The city did make a $142 million unrestricted general fund balance drawdown in fiscal 2017 as a result of ongoing expenditure pressures, Fitch said. The general fund transfers were used to support debt service obligations, capital costs, non-general fund department operations and cover a decrease in the reserve for inventories, analysts said.

The city still ended fiscal 2017 with a strong general fund balance of $886 million representing 16% of spending, down from $1.03 billion, presenting 20% of spending, the prior year.

The shortfall, which represents less than 1% of the $5.83 billion in fiscal 2018 budgeted revenues, was reported March 2 by City Administrative Officer Richard Llewellyn in the city’s mid-year financial status report for fiscal 2018.

Richard H. Llewellyn, Jr
“The reserves are strong, but must be preserved to mitigate any future economic shocks and ongoing fiscal challenges,” Los Angeles City Administrative Officer Richard Llewellyn said.


Revenues increased by 2%, but general fund expenditures have increased by 6% primarily as a result of increased employee salaries and contractual service costs, Llewellyn said in his report.

The city currently has cumulative reserves just under 8% of the general fund budget down from the 2018 peak of 10%, Fitch analysts wrote.

“The reserves are strong, but must be preserved to mitigate any future economic shocks and ongoing fiscal challenges,” Llewellyn wrote.
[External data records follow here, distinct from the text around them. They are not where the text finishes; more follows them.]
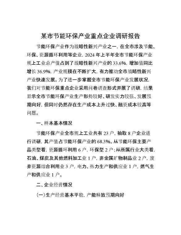 某市节能环保产业重点企业调研报告 2024-10-08 Word模板 69 购买前,请一定要先点击这里看看,欢迎持续关注,精彩模板每天推送 预览结束,本文件为word文档,一共4页,共1812字,请购买后,下载后查看 购买前,请一定要先点击这里看看,欢迎持续关注,精彩模板每天推送 资源下载下载价格29 RMBVIP免费升级VIP点击检测网盘有效后购买有任何充值和下载问题请加微信:xuexixuexi66 0 总结汇报
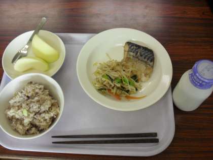 今日の献立は、萩ごはん、牛乳、魚の七味焼き、野菜のおかかかけ、くだものです。
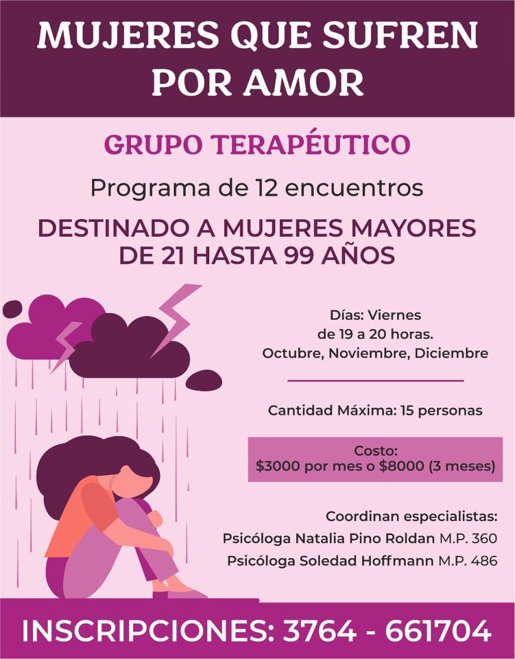 Por último, junto a la colega de Puerto Rico, Soledad Hofmann, realizaremos el primer grupo de autoayuda “mujeres que sufren por amor”
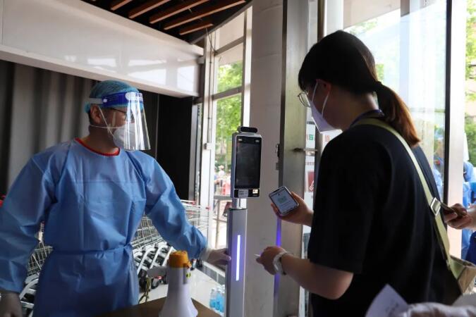 步入超市,一道道關卡都有專門“大白”值守!按蠹易⒁鈨擅拙,保持好安全距離!痹缕峙沙鏊嗄昝窬鄤P,是一名安扎在華聯吉買盛超市的“大白”。當有居民在購物付款時遇到困難,他會第一時間介入幫忙。
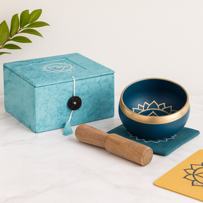 Como usar: segure a taça na palma aberta ou descanse-a na pequena almofada azul-petróleo; bata levemente na borda para uma nota clara, ou circule a borda com pressão uniforme para uma vibração sustentada. Comece uma meditação, defina o tom antes de dormir, ou refresque a energia de uma divisão entre atividades. 🧘
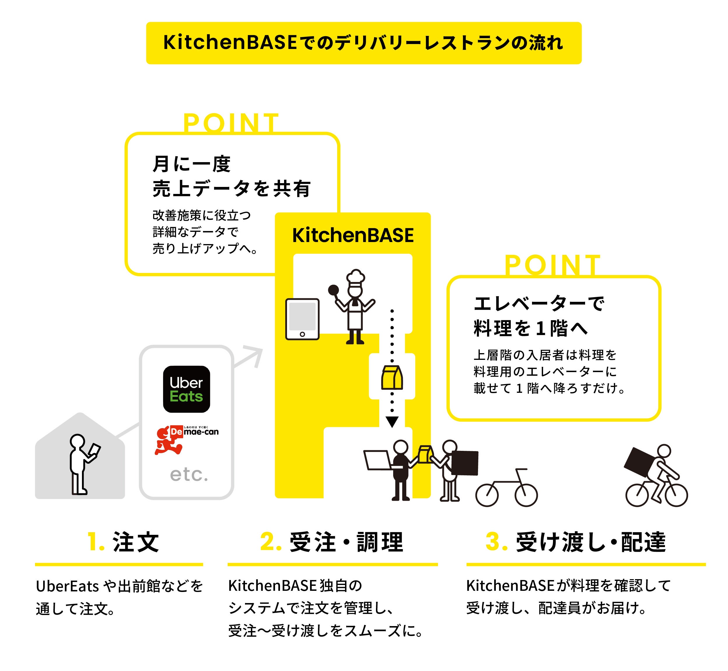 クラウドキッチンとは、オンラインで注文を受けるデリバリー専用のキッチンです。KitchenBASEでは1つの空間を区画で分けて複数の店舗でキッチンをシェアするため、クラウドキッチンと呼んでいます。
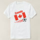 Muestre su orgullo en el equipo de fútbol canadiense comprando este regalo que ofrece la bandera canadiense, el nombre de país Canadá y un vuelo del balón de fútbol a través de la parte inferior de la bandera
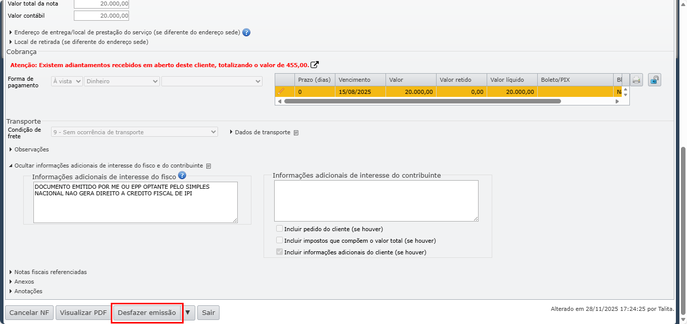 3) Desfaça a emissão da nota, clicando no botão cinza “Desfazer emissão” para que a nota volte para o estado “Digitação”. Esta ação, caso a NF-e esteja autorizada, não afeta o que foi transmitido para a SEFAZ. Para saber mais sobre o assunto, clique aqui.

Local and federal funding uncertainties, a HUD settlement payment, and potential unbudgeted expenditures for liability claims were listed as budgetary concerns, Fitch analysts wrote.

The city’s multi-year forecast, which anticipates closing the structural deficit by 2022, is due to be updated in April.

Los Angeles Mayor Eric Garcetti has until April 20 to introduce a fiscal 2019 budget.